Records excerpted from a collection:
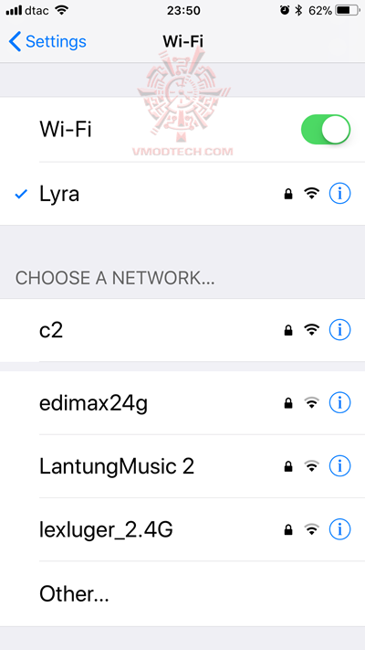 เมื่อทำการติดตั้งเสร็จแล้ว เราก็มาดูที่อุปกรณ์มือถือของเราครับ ให้เราทำการเชื่อมต่อกับเนตเวอร์คที่ชื่อ Lyra ได้เลย ทั้งระบบจะเชื่อมโยงกันเอง
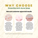 Cleanses And Treats In One Step: Greenika Anti-Acne Soap combines gentle exfoliation and deep-cleansing action to reduce pimples, clear clogged pores, and fade acne marks. It also helps lighten dark spots and smooth rough patches for an even-toned, refreshed look.
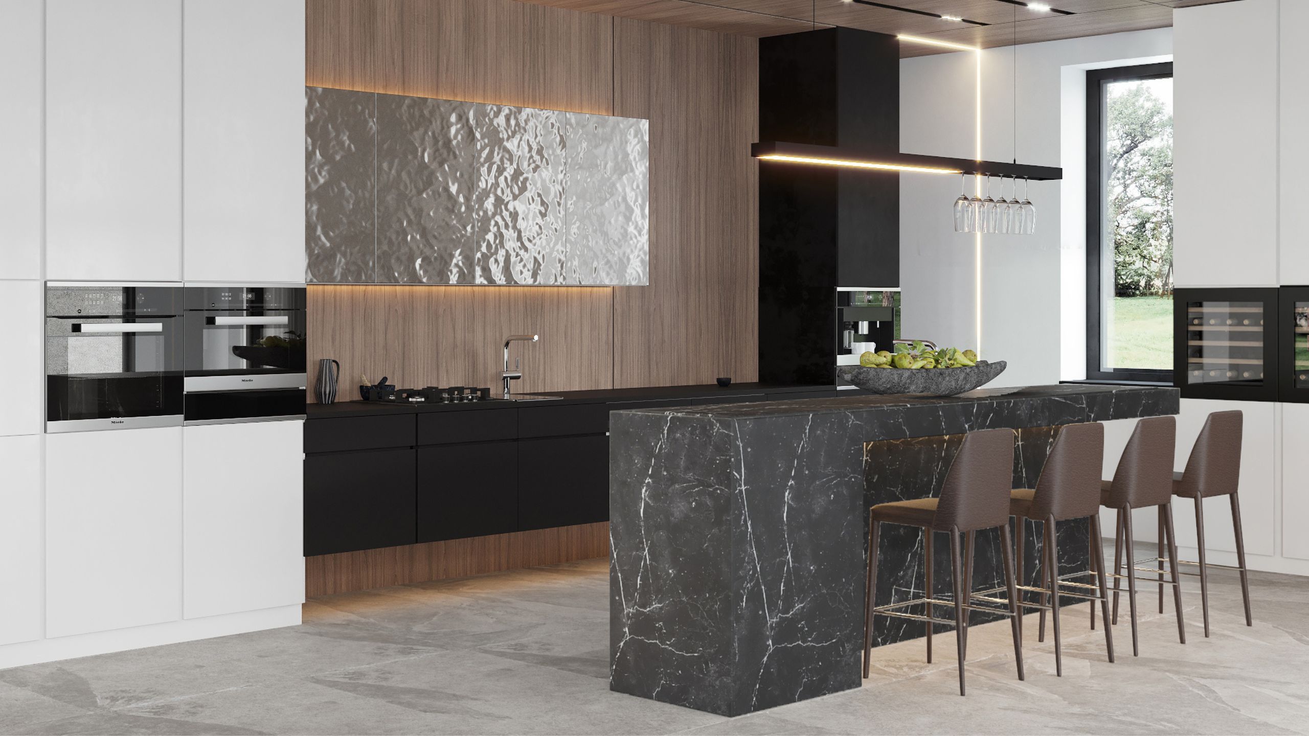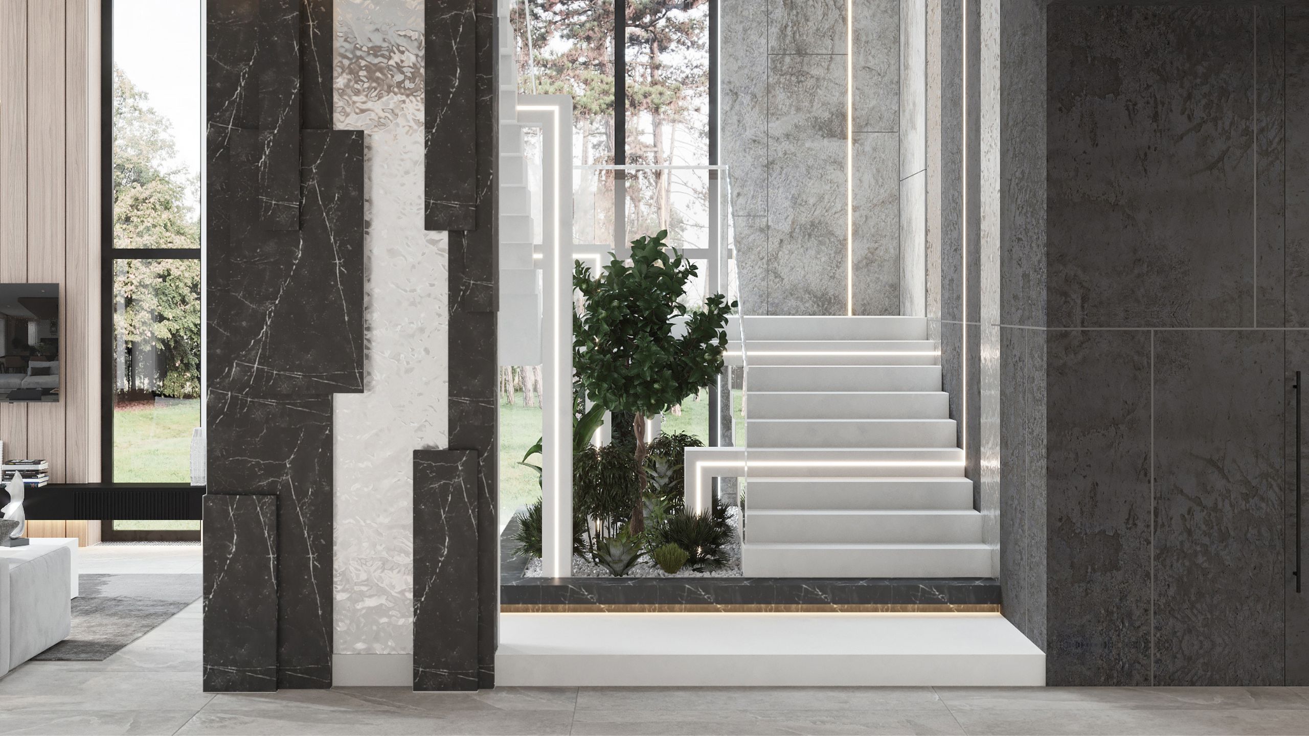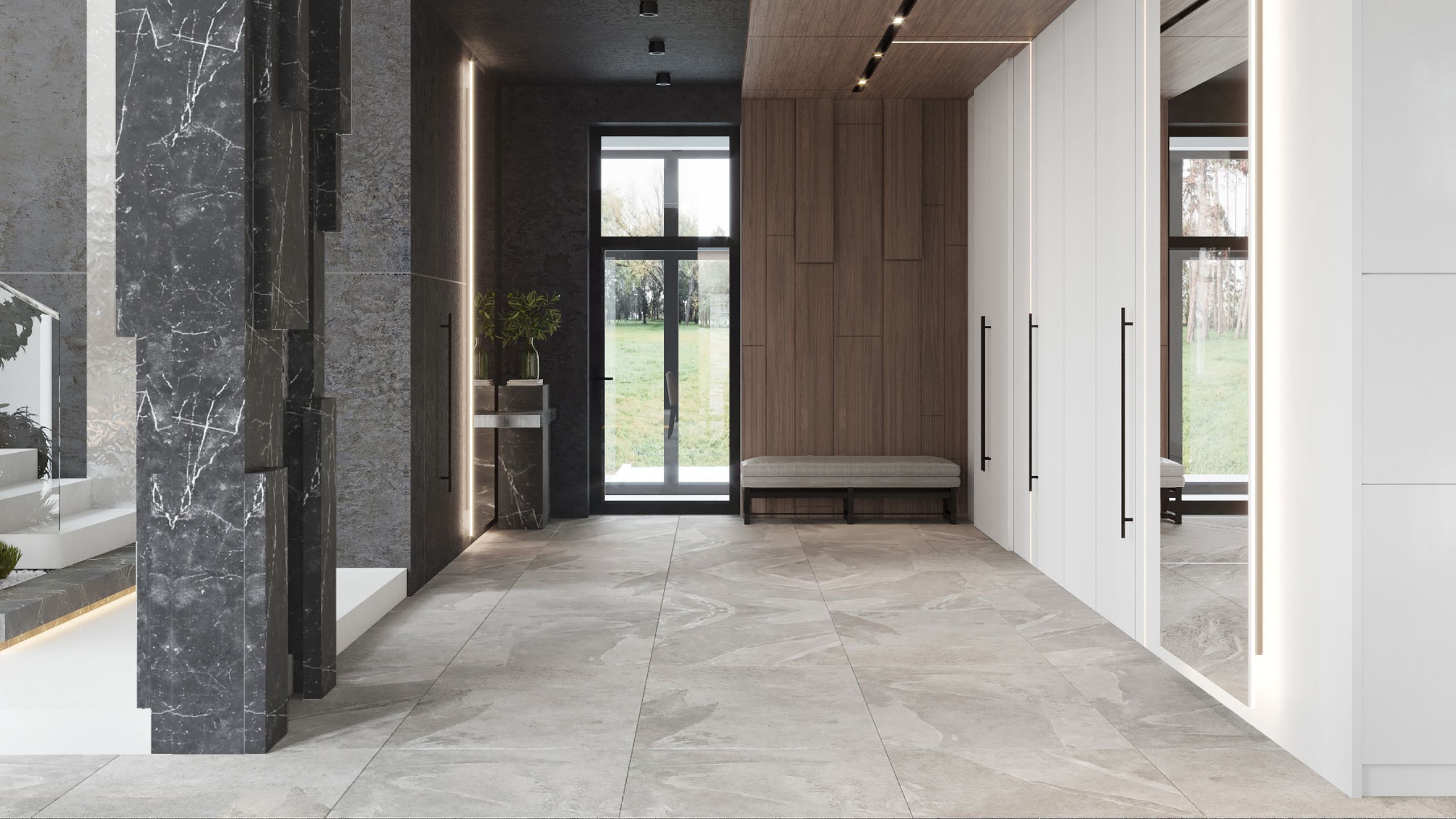 Клиент хотел обновить входную группу, чтобы дом выглядел красиво не только внутри, но и снаружи. Для отделки холла дизайнер выбрала коллекцию Terra в цвете 02. По задумке прочный материал должен стать удачным решением для “мокрой” зоны, где так часто хозяева и гости ходят в уличной обуви. А чтобы создать единый стиль во всем пространстве, керамогранитом из той же коллекции отделали и пол на кухне.
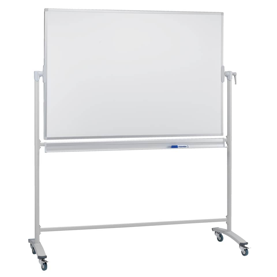 Die lackierte Oberfläche ist magnethaftend, trocken und nass abwischbar, sowie beidseitig beschriftbar. Mit integrierter Ablageleiste und vier Doppellenkrollen (davon zwei feststellbar). Das Gestell und der Rahmen sind aus weißem Metall. Die horizontale Drehachse ist um 360° schwenkbar und stufenlos arretierbar.
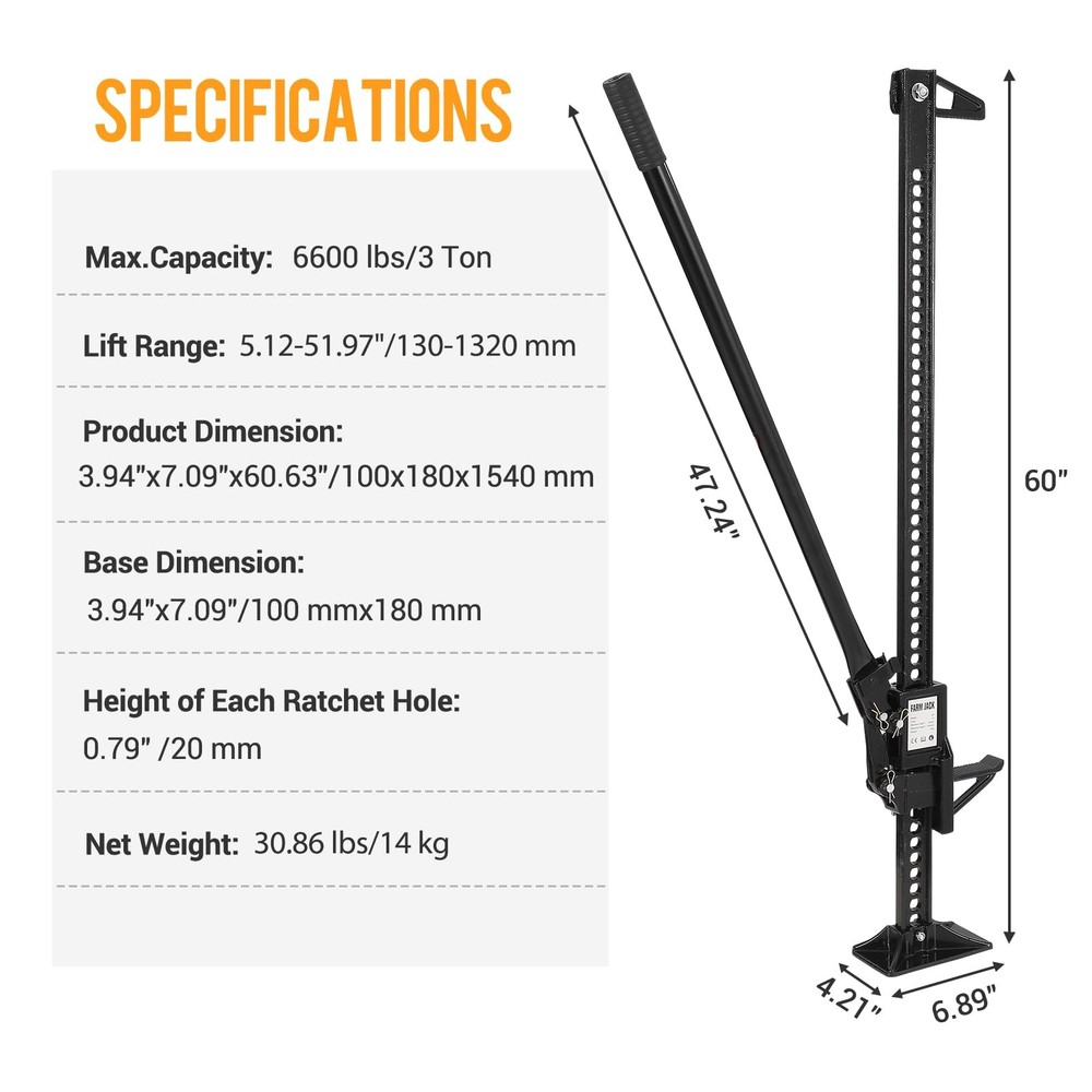 $ 21.4460" High Lift Farm Utility Farm Jack 6600lbs Ratcheting Off Road Utility Jack

■ TASK REQUIREMENTS:
Reproduce all entries above exactly, minus the images.

■ RESPONSE:
 เมื่อทำการติดตั้งเสร็จแล้ว เราก็มาดูที่อุปกรณ์มือถือของเราครับ ให้เราทำการเชื่อมต่อกับเนตเวอร์คที่ชื่อ Lyra ได้เลย ทั้งระบบจะเชื่อมโยงกันเอง
 Cleanses And Treats In One Step: Greenika Anti-Acne Soap combines gentle exfoliation and deep-cleansing action to reduce pimples, clear clogged pores, and fade acne marks. It also helps lighten dark spots and smooth rough patches for an even-toned, refreshed look.
 Клиент хотел обновить входную группу, чтобы дом выглядел красиво не только внутри, но и снаружи. Для отделки холла дизайнер выбрала коллекцию Terra в цвете 02. По задумке прочный материал должен стать удачным решением для “мокрой” зоны, где так часто хозяева и гости ходят в уличной обуви. А чтобы создать единый стиль во всем пространстве, керамогранитом из той же коллекции отделали и пол на кухне.
 Die lackierte Oberfläche ist magnethaftend, trocken und nass abwischbar, sowie beidseitig beschriftbar. Mit integrierter Ablageleiste und vier Doppellenkrollen (davon zwei feststellbar). Das Gestell und der Rahmen sind aus weißem Metall. Die horizontale Drehachse ist um 360° schwenkbar und stufenlos arretierbar.
 $ 21.4460" High Lift Farm Utility Farm Jack 6600lbs Ratcheting Off Road Utility Jack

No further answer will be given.